Video: Reading the Roost and Other Turkey-Hunting Tips

Sometimes it pays to break your own rules. In the case of this Texas turkey hunt, the toms were super vocal and the hens tight-lipped. So Bowhunting World editor Jace Bauserman called an audible.

Video: Reading the Roost and Other Turkey-Hunting Tips

A destructive fire that rolled through the Texas ranch weeks before couldn’t extinguish the sheer beauty of this little slice of Lone Star Heaven. I’d been invited to attend a wild turkey hunt by my friends at Backbone Media, Sloane Brown and Tyler Pearce. The ranch has been in Brown’s family for years, and it was a privilege to bowhunt it.

I’d arrived in camp in time to hunt the evening, but Brown and I opted to roost birds instead. After driving to the highest point on the ranch, we put our Maven glass to work. You could see everything – the land had been stripped of old growth and the new sprouts of green weren’t tall enough to hide much. We roosted a pair of toms and a single hen. The plan was for me to slip in on them in the morning.

Having never been to the location where I planned to set up and knowing the lack of cover could easily lead to the bird’s picking me off, I spent the remainder of the evening doing my homework. I located the cottonwood the birds were roosted in using OnXmaps on my iPhone. Then I plotted my route in, noting every stich of available cover that could disguise my approach, finally settling on a spot near some charred brush to set up my Double Bull. I had no intentions of using a headlamp, and I was going in super early. The darkness would further camouflage my approach.

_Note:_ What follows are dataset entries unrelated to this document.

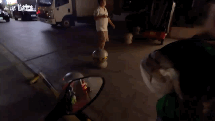 基崽发现有两个骑小电驴的人,没有戴头盔。
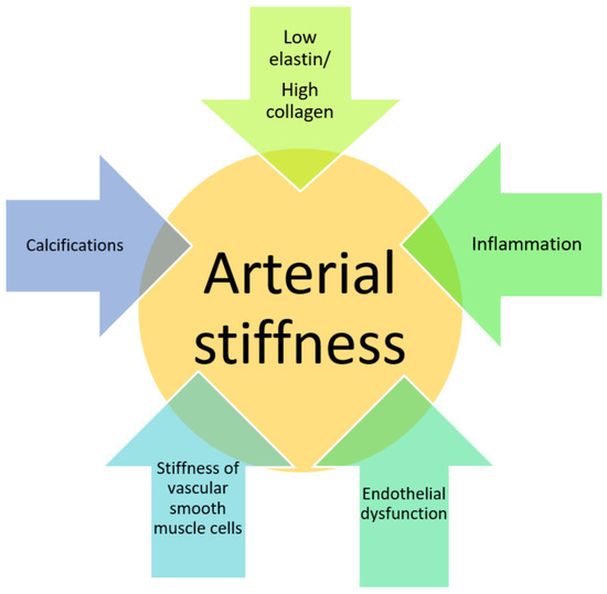 The main feature of arterial stiffness, specifically in the large arteries, is arteriosclerosis, which is primarily caused by structural and functional changes in the vascular media. The thickening and hardening of the arterial wall, due to the replacement of elastic fibers with collagen, the destruction of muscle fibers and the presence of calcium deposits, with loss of the viscoelastic properties of the arteries, accompanies aging [6,7,8]. Atherosclerosis, a disease of the intima, is triggered by endothelial dysfunction, causing a narrowing of the arterial lumen, and arteriosclerosis share some risk factors, especially aging, nitrosative and oxidative stress, hypertension and inflammation; they are also both systemic diseases, as well as potentially having a parallel progression and a bi-directional relationship [8,9]. However, the two conditions are separate, and should not be confused for one another. Large artery stiffness significantly influences the development of cardiovascular diseases [2,10]. The arteries’ ability to absorb the cyclic variations in blood pressure, caused by intermittent left ventricular ejection, is reduced as they become stiffer. These reduced elasticities of the large arteries result in high systolic blood pressure and increased left ventricular afterload. Parallel to this, diastolic pressure decreases, impairing myocardial perfusion and increasing pulsatility, and damaging capillaries in high-flow organs, including the kidney and brain [11]. While it has long been believed that arterial stiffness only occurs as a result of organ damage caused by hypertension, more recent research indicates that arterial stiffness actually occurs before hypertension [12,13].
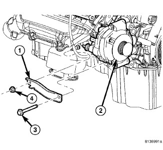 20. Remove the generator (2) and support bracket (1) . Generator - Removal
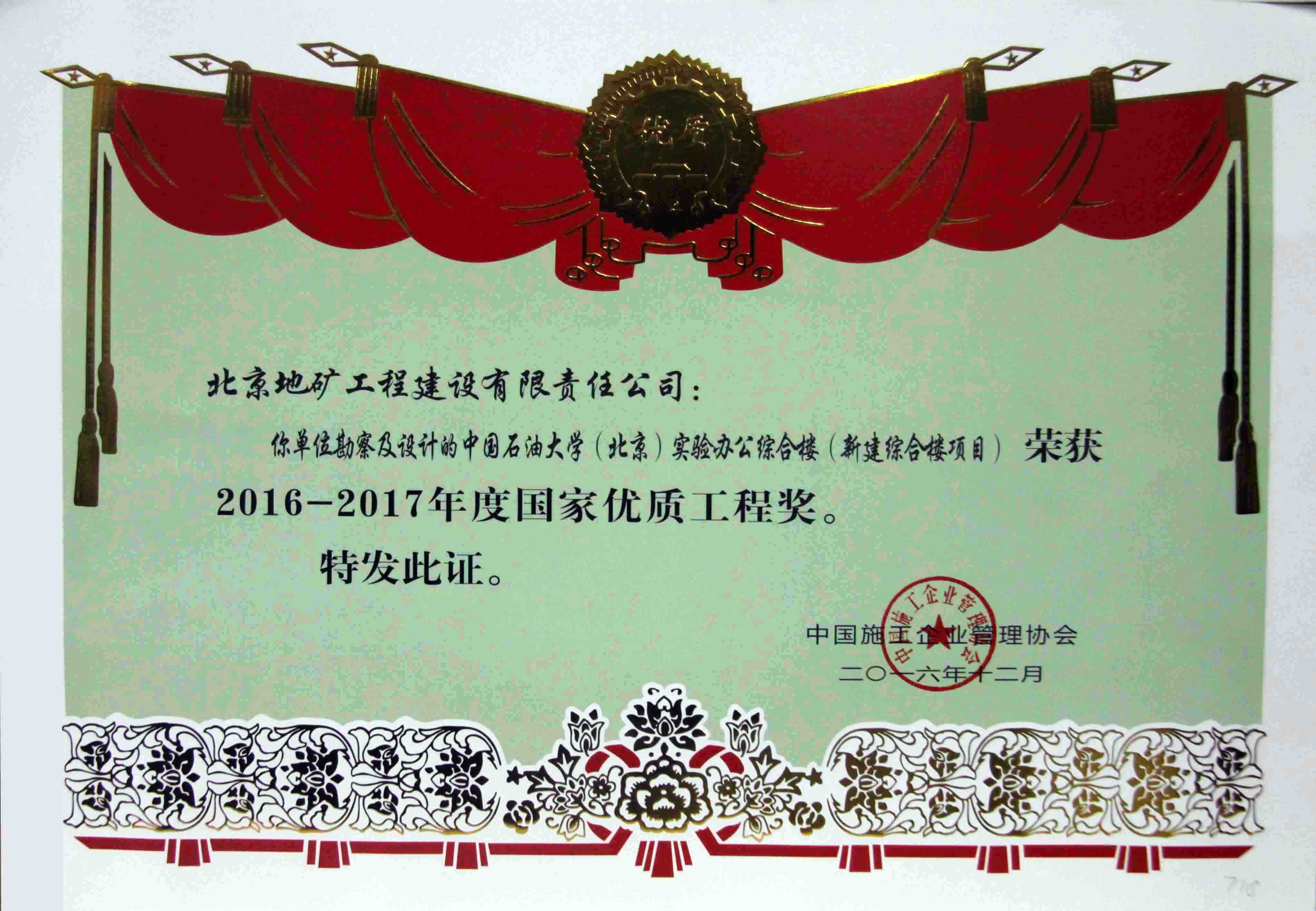2016-2017年國家優(yōu)質(zhì)工程獎

The walk in was long and tricky. I stopped every few minutes to lean my body over my iPhone to distinguish its light and check my location. It took time (I didn’t care because I took the extra effort to go early), but I eventually made it to the brush I’d marked and in minutes had the blind set, the Dave Smith and Avian-X deeks out and was ready to hunt.

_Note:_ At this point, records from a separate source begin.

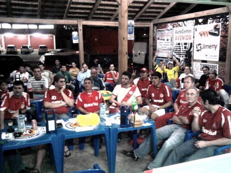 Pessoal ligado na televisão para torcer pelo Inter contra o Banfield
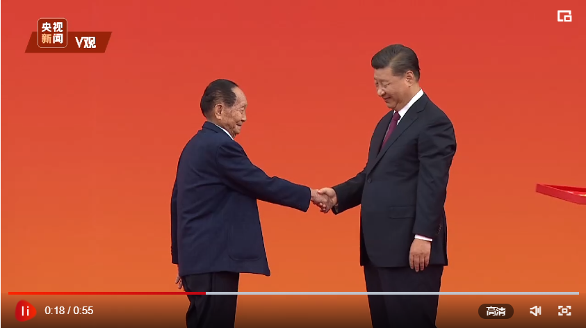 2019年9月29日,中華人民共和國國家勛章和國家榮譽稱號頒授儀式在人民大會堂隆重舉行。習近平向“共和國勛章”獲得者袁隆平頒授勛章。
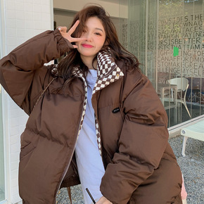 格子面包服女软糯奶油系工装炸街复古棉服vintag...
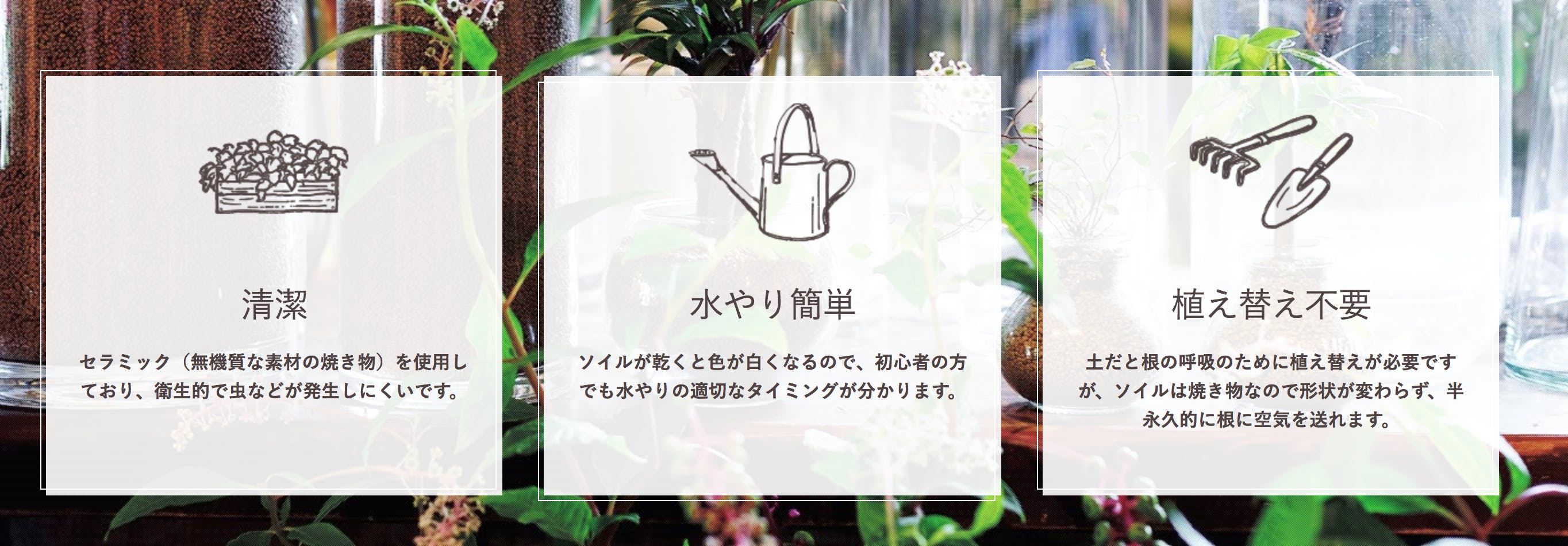 〈 植え替え不要 〉 土だと根の呼吸のために植え替えが必要ですが、ソイルは焼き物なので形状が変わらず、半永久的に根に空気を送れます。

The birds never made a peep, which was a good thing. I knew they hadn’t seen me. Finally, just as light started to crack, the toms got super vocal. Rios are notorious for being hard gobblers on the roost, but this boy band lit it up. The hen, however, remained super quiet. She never made a sound, not even a strain-the-ear-to-hear tree yelp.

Normally, when hunting roosted birds, I stay pretty quiet. I will tree yelp a little to let the birds know I’m in the area, but don’t tend to get too aggressive. I quickly changed my tune on this hunt. The first time I tree yelped the gobblers did an about-face in the tree and aimed their voices right at me. The hen in the tree remained tight-lipped. I tree yelped again, and the birds thundered and went into strut on the limb. I decided to yelp a tad louder and even cut on the call, just a bit. One of the longbeards actually pitched down and started working his way toward me, way earlier than these birds normally hit the dirt. The other followed suit. They came on a string, I didn’t call again, and the attached video shows how the hunt ended.

Remember, bowhunting is all about being flexible and reading the animals you’re hunting. Now get out there and get after them!